As the Scripps Research Institute's Eric Topol says, that Roberts and his colleagues examined the predictive capacity of personal genome sequencing "without any genome sequences" was but one flaw of their interpretation.
In a comment appearing in the same journal in May, Topol elaborated on this criticism, and noted that the Roberts et al. study essentially showed nothing new. "We cannot know the predictive capacity of whole-genome sequencing until we have sequenced a large number of individuals with like conditions," Topol wrote.
Elsewhere in the journal, Tel Aviv University's David Golan and Saharon Rosset noted that slightly tweaking the gene-environment parameters of the mathematical model used by Roberts et al. showed that the "predictive capacity of genomes may be higher than their maximal estimates."
Colin Begg and Malcolm Pike from Memorial Sloan-Kettering Cancer Center also commented on the study in Science Translational Medicine, reporting their -alternative calculation of the predictive capacity of personal sequencing and their analysis of cancer occurrence in the second breast of breast cancer patients, both of which, they wrote, "offer a more optimistic view of the predictive value of genetic data."
In response to those comments, Bert Vogelstein — who co-authored the Roberts et al. study — and his colleagues wrote in Science Translational Medicine that their "group was the first to show that unbiased genome-wide sequencing could illuminate the basis for a hereditary disease," adding that they are "acutely aware of its immense power to elucidate disease pathogenesis." However, Vogelstein and his colleagues also said that recognizing the potential limitations of personal genome sequencing is important to "minimize false expectations and foster the most fruitful investigations."
[Sidebar] 'The Single Biggest Problem'
That there is currently no comprehensive, accurate, and openly accessible database of human disease-causing mutations "is the single greatest failure of modern human genetics," Massachusetts General Hospital's Daniel MacArthur says.
"We've invested so much effort and so much money in researching these Mendelian diseases, and yet we have never managed as a community to centralize all of those mutations in a single resource that's actually useful," MacArthur says. While he notes that several groups have produced enormously helpful resources and that others are developing more, currently "none covers anywhere close to the whole of the literature with the degree of detail that is required to make an accurate interpretation."

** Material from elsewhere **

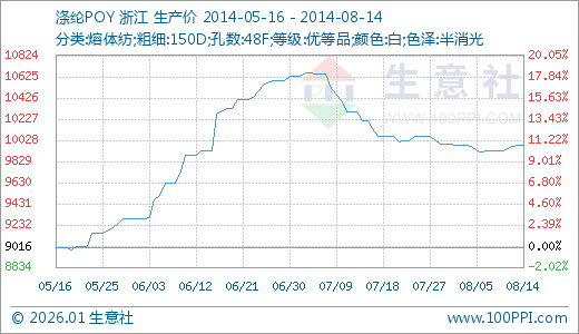 08月14日涤纶POY价格9976.25元/吨 90天上涨10.64%

Because of this, he adds, researchers are pouring time and resources into rehashing one another's efforts and chasing down false leads.

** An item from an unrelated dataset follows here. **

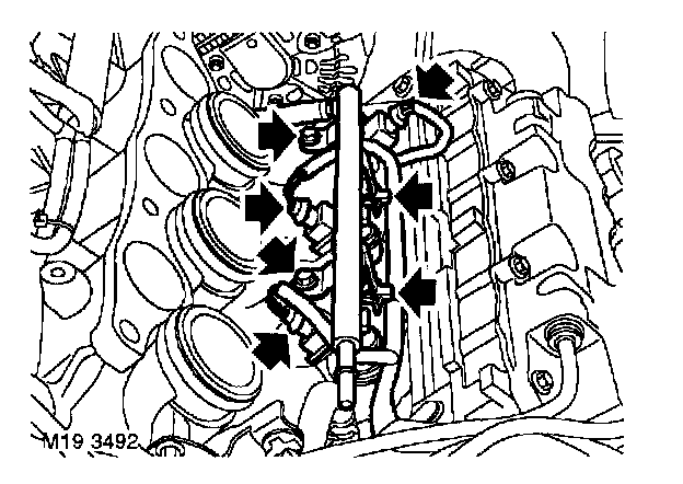 10. Remove 2 bolts securing RH fuel rail to RH inlet manifold.

"As anyone at the moment who is sequencing genomes can tell you, when you look at a person's genome and you compare it to any of these databases, you find things that just shouldn't be there — homozygous mutations that are predicted to be severe, recessive, disease-causing variants and dominant mutations all over the place, maybe a dozen or more, that they've seen in every genome," MacArthur says. "Those things are clearly not what they claim to be, in the sense that a person isn't sick." Most often, he adds, the researchers who reported that variant as disease-causing were mistaken. Less commonly, the database moderators are at fault.
"The single biggest problem is that the literature contains a lot of noise. There are things that have been reported to be mutations that just aren't. And, of course, a lot of the databases are missing a lot of mutations as well," MacArthur adds. "Until we have a complete database of severe disease mutations that we can trust, genome interpretation will always be far more complicated than it should be."